The bottom line for this matchup
GLM 5 and LongCat-2.0 overlap enough that the right pick depends on your specific job. LongCat-2.0 costs less per token; LongCat-2.0 holds the larger context; and each leads in its own area — GLM 5 for agentic planning and long-horizon coding workflows, LongCat-2.0 for near-frontier agentic coding — topped openrouter anonymously as 'owl alpha' for two months. Rather than crowning one, run the same hard task through both once and let the results decide.
Want both GLM 5 and LongCat-2.0 without two subscriptions? LumiChats gives you these plus 40+ models under one ₹69/day pass (about $1/day) — draft with one, cross-check with the other.
Public SWE-Bench figures are not available for LongCat-2.0, so the honest test is your own repository — run an identical real bug through both. By design, GLM 5 leans toward agentic planning and long-horizon coding workflows while LongCat-2.0 leans toward near-frontier agentic coding — topped openrouter anonymously as 'owl alpha' for two months, and that positioning usually predicts which feels better on your codebase.

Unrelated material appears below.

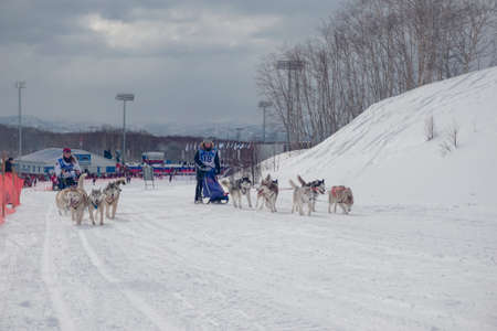 Petropavlovsk-Kamchatsky, Russia - February 22, 2021: Traditional dog sled race Beringia

Which is cheaper, GLM 5 or LongCat-2.0?
LongCat-2.0 is cheaper — $1/$3.2 per 1M tokens vs Open weight (self-host / free).
Which has the bigger context window?
LongCat-2.0 — 1M vs 200K, about 5× larger. Useful only if the model actually reasons over the full window, which not all do.
Can I use both GLM 5 and LongCat-2.0 together?
Yes — a multi-model platform like LumiChats gives you GLM 5, LongCat-2.0 and 40+ others under one ₹69/day pass (about $1/day), so you can draft with one and cross-check with the other instead of buying two subscriptions.
Which is newer, GLM 5 or LongCat-2.0?
LongCat-2.0 — released July 5, 2026, about 5 months after GLM 5.
Specifications and benchmarks reflect publicly reported figures as of June 2026 and may change as providers release updates. Always verify on your own workload.